- Opening Delimiter -
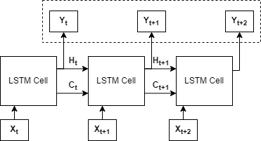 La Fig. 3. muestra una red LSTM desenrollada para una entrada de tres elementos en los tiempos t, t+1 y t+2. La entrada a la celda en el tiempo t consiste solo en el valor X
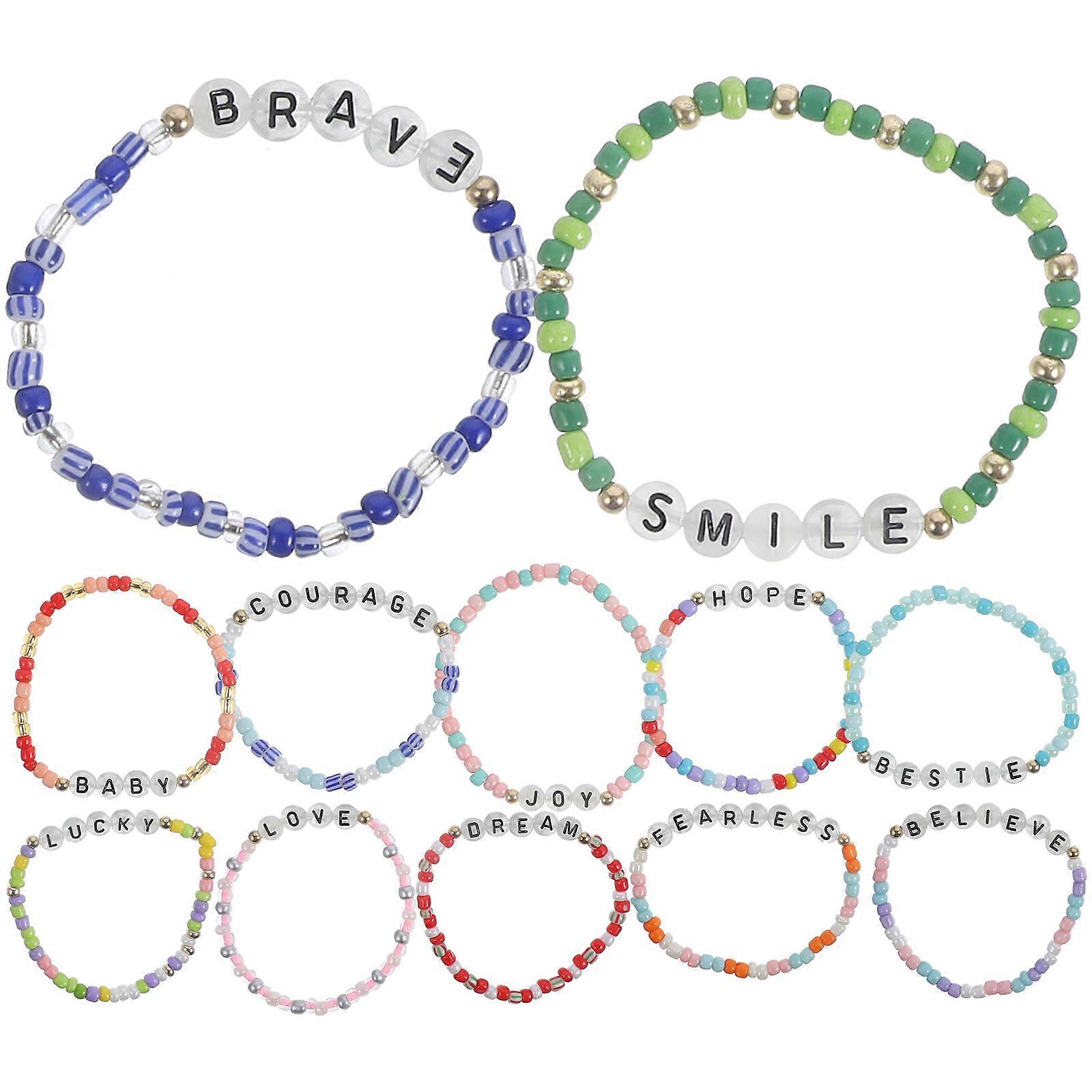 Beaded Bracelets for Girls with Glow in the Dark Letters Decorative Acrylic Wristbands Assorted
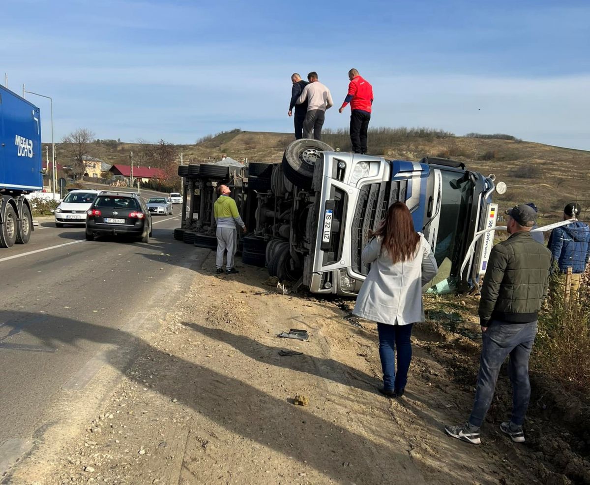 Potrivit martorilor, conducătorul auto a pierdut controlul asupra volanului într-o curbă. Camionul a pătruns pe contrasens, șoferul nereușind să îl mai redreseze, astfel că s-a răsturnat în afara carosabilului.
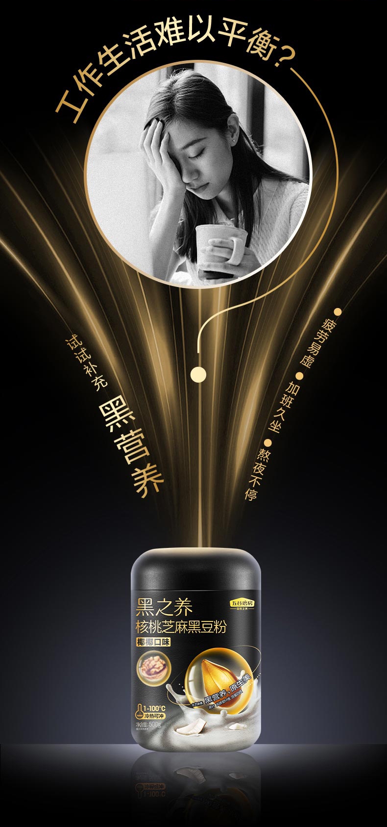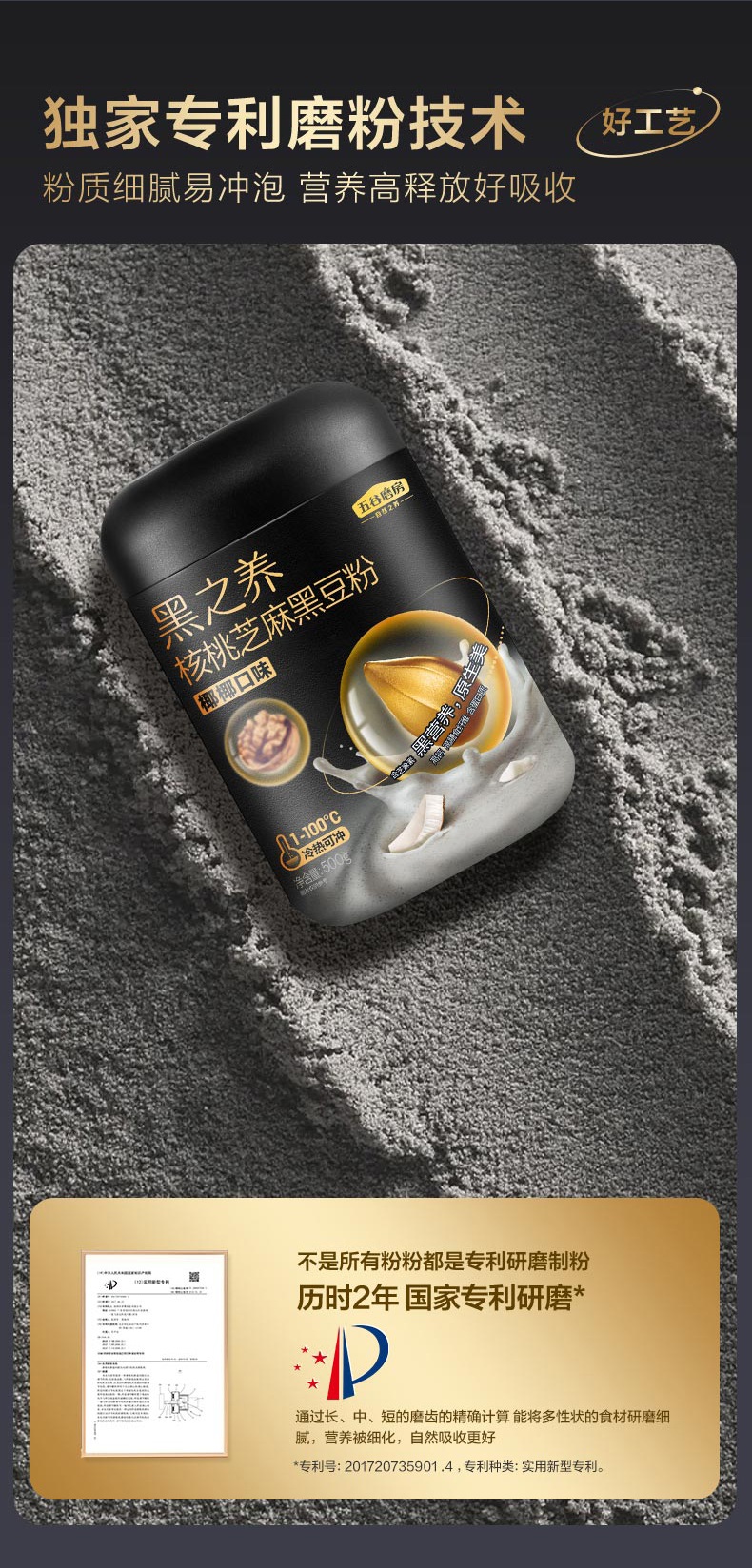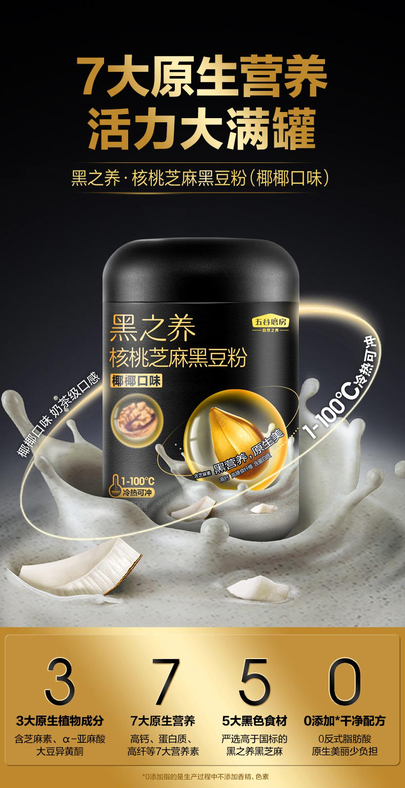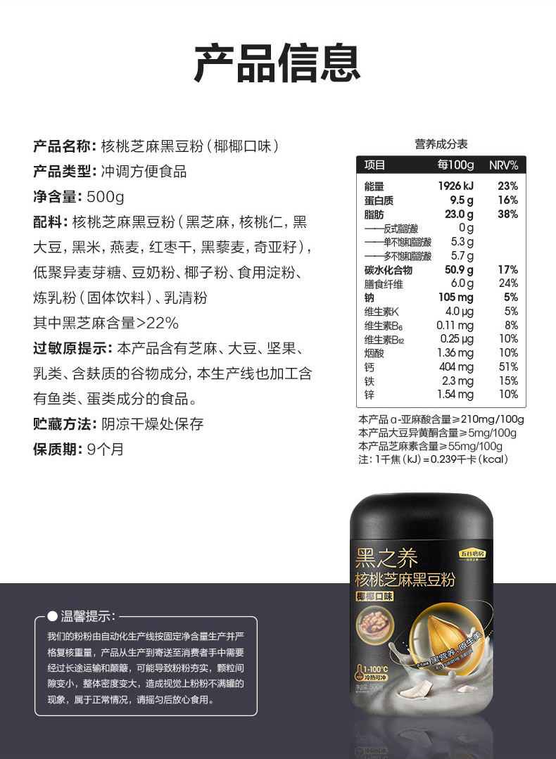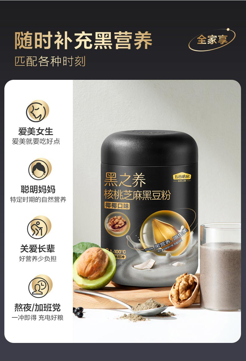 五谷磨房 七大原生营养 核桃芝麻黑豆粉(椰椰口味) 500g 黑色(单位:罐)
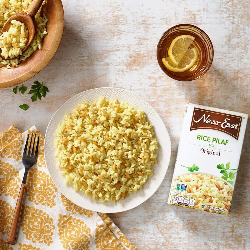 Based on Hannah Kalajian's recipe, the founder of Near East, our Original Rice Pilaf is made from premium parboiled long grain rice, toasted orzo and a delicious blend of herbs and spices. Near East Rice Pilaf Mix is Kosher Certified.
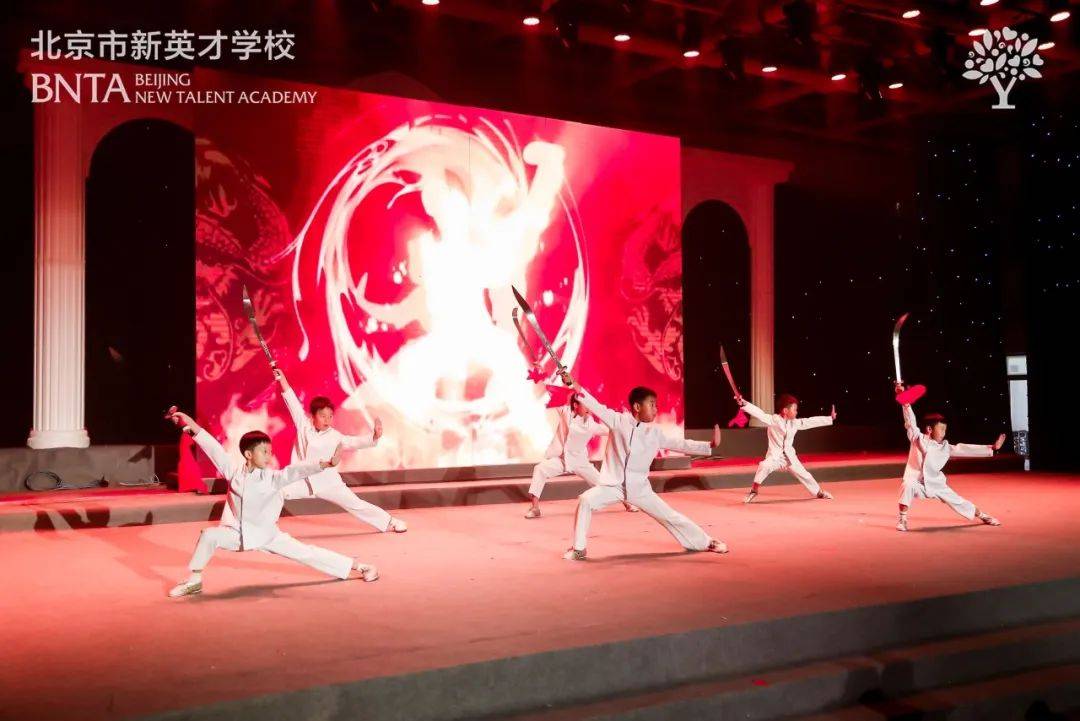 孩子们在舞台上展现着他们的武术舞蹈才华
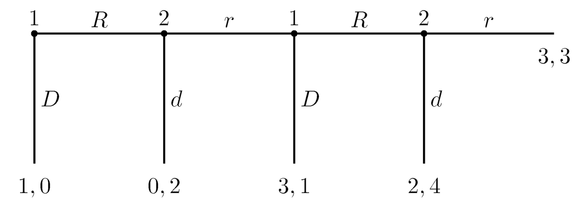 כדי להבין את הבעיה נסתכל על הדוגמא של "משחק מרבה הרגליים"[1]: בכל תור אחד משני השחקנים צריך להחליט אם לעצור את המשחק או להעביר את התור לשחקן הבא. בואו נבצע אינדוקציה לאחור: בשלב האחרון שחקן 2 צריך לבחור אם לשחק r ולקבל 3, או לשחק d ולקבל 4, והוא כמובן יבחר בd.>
- Closing Delimiter -
WHAT IS BEING ASKED –
Once you find the line containing "Potrivit martorilor, conducătorul", transcribe it and each line after it to the end of the records exactly, and leave out the pictures.

THE COMPLETED TASK –
 Potrivit martorilor, conducătorul auto a pierdut controlul asupra volanului într-o curbă. Camionul a pătruns pe contrasens, șoferul nereușind să îl mai redreseze, astfel că s-a răsturnat în afara carosabilului.
 五谷磨房 七大原生营养 核桃芝麻黑豆粉(椰椰口味) 500g 黑色(单位:罐)
 Based on Hannah Kalajian's recipe, the founder of Near East, our Original Rice Pilaf is made from premium parboiled long grain rice, toasted orzo and a delicious blend of herbs and spices. Near East Rice Pilaf Mix is Kosher Certified.
 孩子们在舞台上展现着他们的武术舞蹈才华
 כדי להבין את הבעיה נסתכל על הדוגמא של "משחק מרבה הרגליים"[1]: בכל תור אחד משני השחקנים צריך להחליט אם לעצור את המשחק או להעביר את התור לשחקן הבא. בואו נבצע אינדוקציה לאחור: בשלב האחרון שחקן 2 צריך לבחור אם לשחק r ולקבל 3, או לשחק d ולקבל 4, והוא כמובן יבחר בd.>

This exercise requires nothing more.